Why are U+2028 and U+2029 handled unlike \r and \n?
October 17, 2023
https://github.com/dlang/dmd/blob/master/compiler/src/dmd/lexer.d#L578

Basically its in multi-byte UTF-8 character, checks if its in the non-ASCII character ranges. No special handling of new lines is provided, but probably should be.
October 17, 2023
On 10/16/2023 5:37 PM, Richard (Rikki) Andrew Cattermole wrote:
> https://github.com/dlang/dmd/blob/master/compiler/src/dmd/lexer.d#L578
> 
> Basically its in multi-byte UTF-8 character, checks if its in the non-ASCII character ranges.
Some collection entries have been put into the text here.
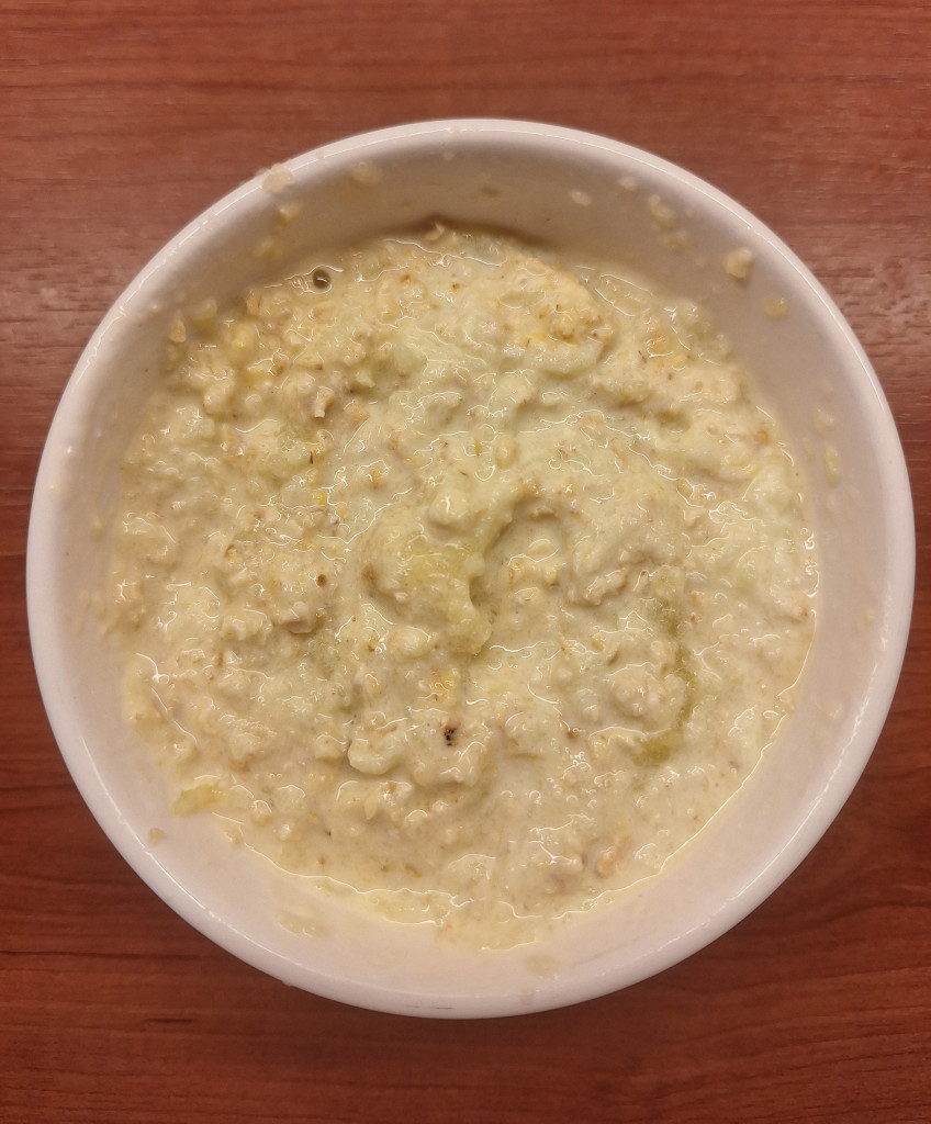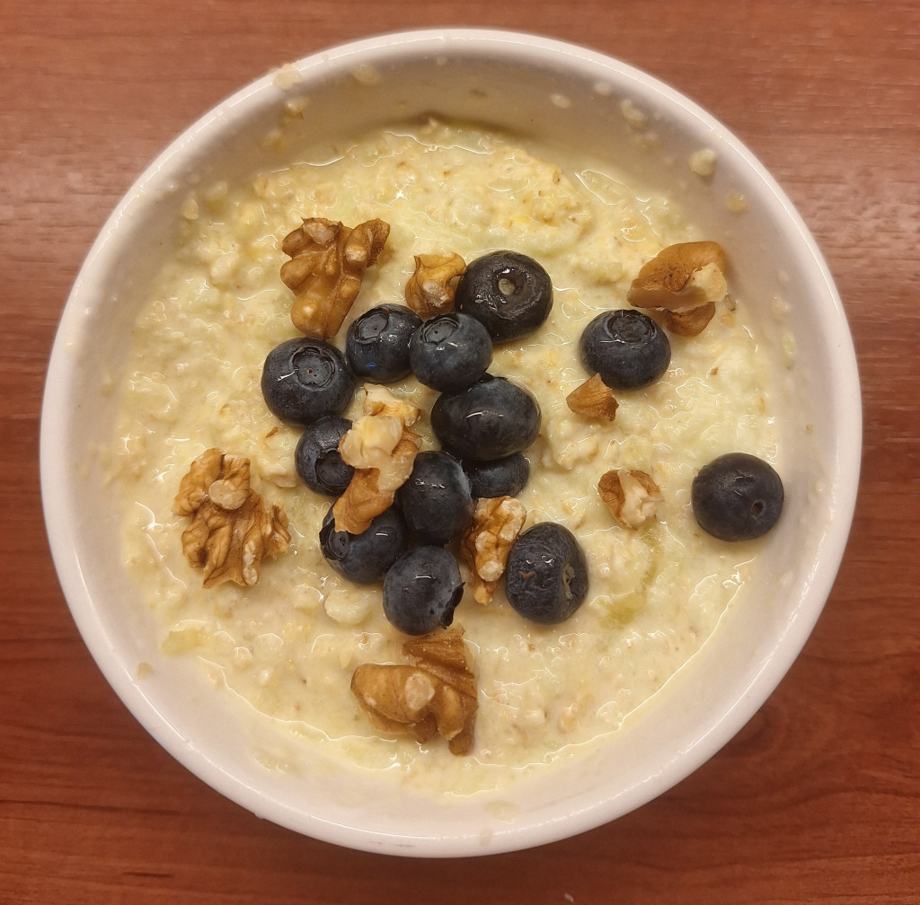 Kaša se sastoji od ovsenih pahuljica, soka od narandže, grčkog jogurta, rendane jabuke, borovnica i oraha. Odmah sam pomislila: ,,Ne volim ovsene pahuljice, ni sok od narandže, a nisam ljubitelj ni jabuka, a još manje oraha. To je poseban nivo mržnje koji ne mogu ni da vam opišem".
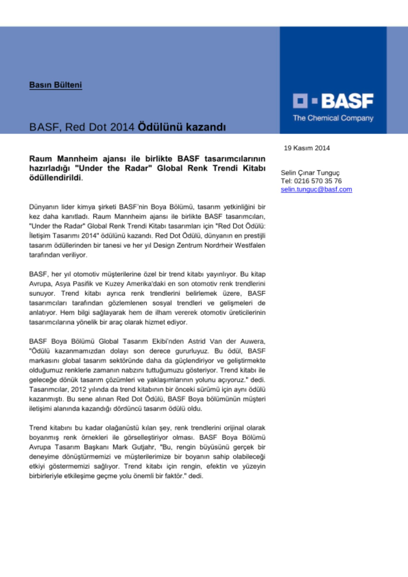 Dünyanın lider kimya şirketi BASF’nin Boya Bölümü, tasarım yetkinliğini bir kez daha kanıtladı. Raum Mannheim ajansı ile birlikte BASF tasarımcıları, "Under the Radar" Global Renk Trendi Kitabı tasarımları için "Red Dot Ödülü: İletişim Tasarımı 2014" ödülünü kazandı. Red Dot Ödülü, dünyanın en prestijli tasarım ödüllerinden bir tanesi ve her yıl Design Zentrum Nordrheir Westfalen tarafından veriliyor.
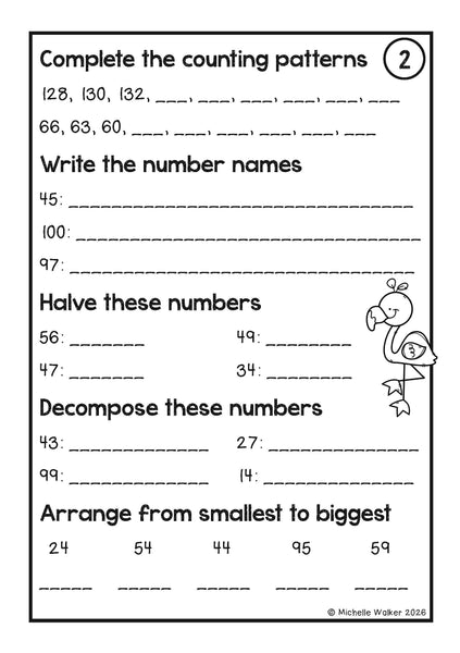 - 15 pages that could be used as workcards or worksheets including counting, number names, decomposition, doubling and halving, place value, number order
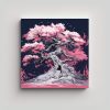 Pintura En Bastidor De Abstracción época, árbol De Enebro En Tonos Verde Y Azul, Atmósfera Neonoir.
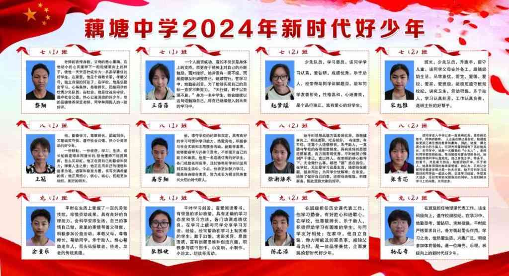 ~ 该校政教处精心组织本次评选活动,要求班主任根据“新时代好少年评选标准”以及学生的突出表现,认真开展评选工作。通过综合考察,该校遴选出12名“藕塘中学2024年新时代好少年”。2024年6月3日,该校对这12名“新时代好少年”进行了表彰,号召全体学生学习他们的先进事迹。
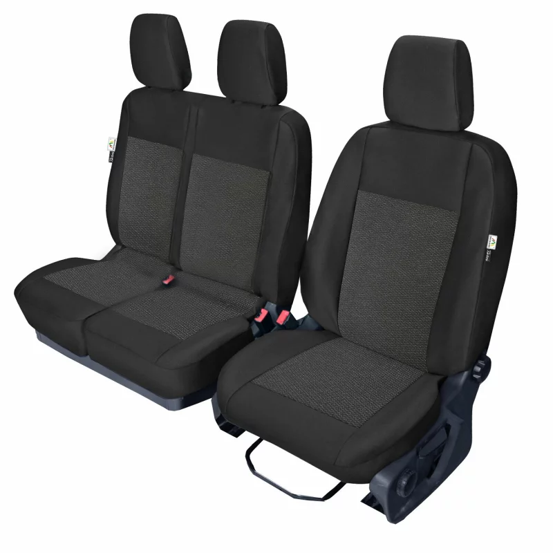 Realizate din poliester 100% cu strat de spuma PUR, husele contribuie la confort, protejeaza impotriva uzurii, murdariei si petelor si sunt potrivite pentru autoutilitare folosite intens. Designul in nuante negru/gri se integreaza usor in interiorul masinii si ofera un aspect practic si modern.
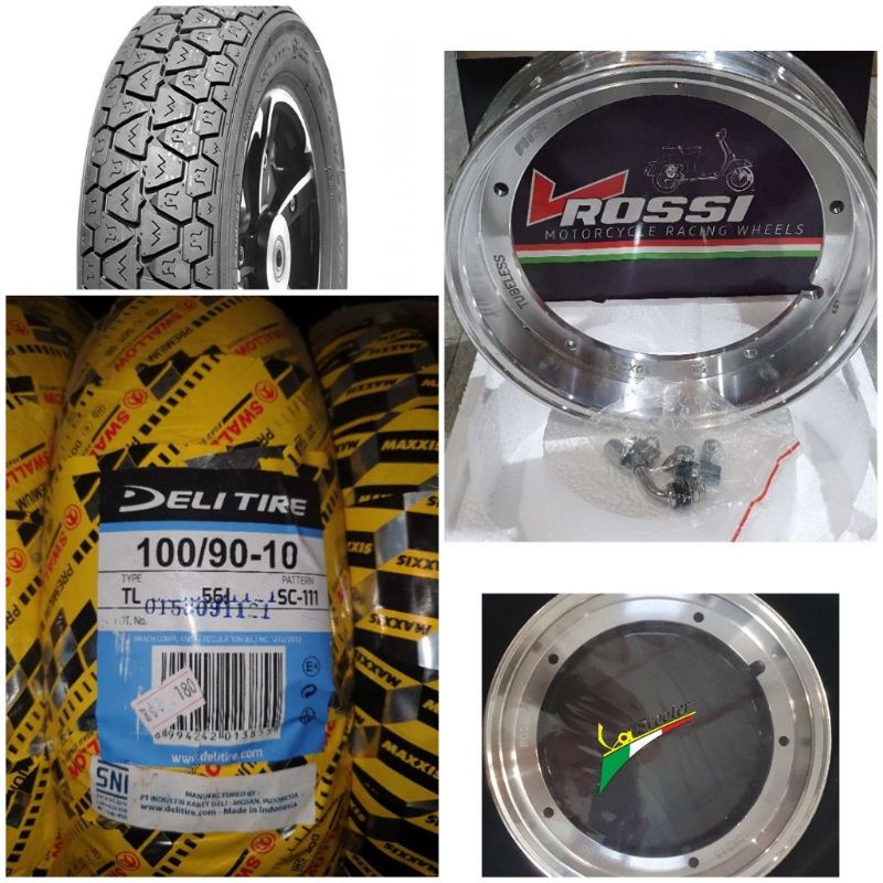 Paket Velg VROSSI Ring 10 X SWALLOW 100/90 - 10 Vespa classic Tubeless Original

No special handling of new lines is provided, but probably should be.

Yes, please file a bugzilla!
October 17, 2023
On Tuesday, 17 October 2023 at 00:37:41 UTC, Richard (Rikki) Andrew Cattermole wrote:
> https://github.com/dlang/dmd/blob/master/compiler/src/dmd/lexer.d#L578
>
> Basically its in multi-byte UTF-8 character, checks if its in the non-ASCII character ranges. No special handling of new lines is provided, but probably should be.

I've noticed that in the past, but this is clearly wrong. It's not just whitespace, it's also punctuation, emoji, a ton of stuff that are just not identifiers.

The lexer should match the proper charset as a character start.
October 18, 2023
https://issues.dlang.org/show_bug.cgi?id=24190
October 17, 2023
On 10/17/2023 4:18 PM, deadalnix wrote:
> this is clearly wrong.

I blame my parents.